Adobe/By tashatuvango

Defined benefit pension deficits at the UK’s largest charities have fallen substantially, according to research by BDO, published in the April edition of Charity Finance magazine.

Figures taken from the latest accounts of the top 50 charities in the Charity Finance 100 Index by the pensions advisory team at BDO reveal an overall deficit of £96.1m for organisations with defined benefit (DB) scheme commitments.

This compares to £985.1m in April 2022, when the research was last conducted among the top 50 charities (though around a quarter of these organisations are not the same cohort).

Writing in the magazine, Ruth Bromley, associate director, pensions covenant advisory at BDO, said there was also a “massive” reduction in pension liabilities “due to increased bond yields following the Bank of England’s policy of increasing interest rates to combat inflation”.

Among the 36 charities that were included in the top 50 in both periods, this reduction was approximately 33%, from £8.4bn two years ago to £5.6bn in the current research.

The group of 36 paid £143.8m into their DB pension schemes according to their most recently available accounts, a reduction of £33.7m (18%) from the previous £175.5m.

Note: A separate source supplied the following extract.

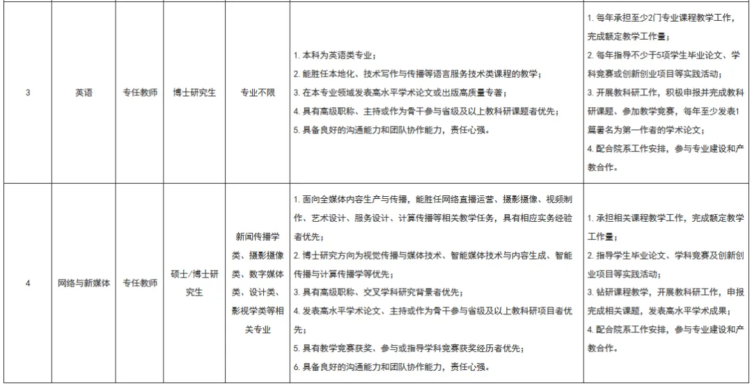招聘岗位信息及具体要求详见附件。

Bromley adds: “For those with disclosed accounting funding positions, excluding Wellcome, the group of 36’s estimated insurance company buy-out deficits fell from £4.9bn to 'only' £1.3bn, or around 25% of their unrestricted reserves.

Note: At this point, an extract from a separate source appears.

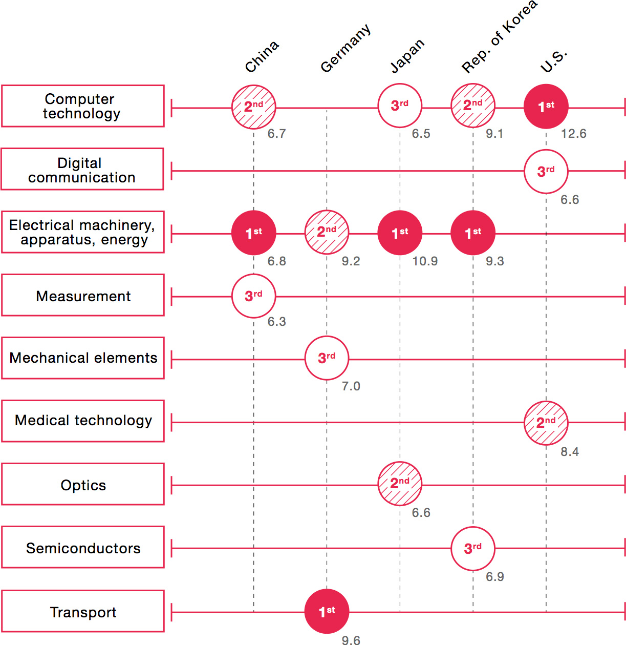 China is the leading country worldwide in intellectual property. Previously however, USA was the leading country worldwide, however, the technological boom in China resulted in the number of patent applications in China increasing tenfold compared to the year 2004.

“If we go back to our analysis from four years ago the buy-out deficit was nearer 90% the total unrestricted reserves, again excluding Wellcome.”

A changing landscape

Bromley also points out that the rules around pensions are changing and that the new Pension Scheme Funding Code (applicable for valuations with an effective date from 23 September 2024) regime could have a significant impact on charities.

“Charities will be under increased scrutiny to provide financial forecasts to support any deficit recovery period and provide other information in addition to what schemes outside of the sector must provide,” Bromley says.

In addition, “charities with large unrestricted investment holdings may soon find that pension trustees request that deficits are closed over a shorter period or ‘as soon as is reasonably affordable’, using those unrestricted reserves”, she warns.

At the same time, under the new Scheme Funding Regulations, “pension trustees must now have a stated long term funding objective, which will require a journey plan to reach that objective, and the risk that can be taken in that journey plan depends on the employer covenant strength”.

Bromley concludes: “Therefore, despite the significant improvement in the funding of UK DB pension schemes, there will still be difficult conversations for some charities, particularly those that must adopt the new code from September 2024.”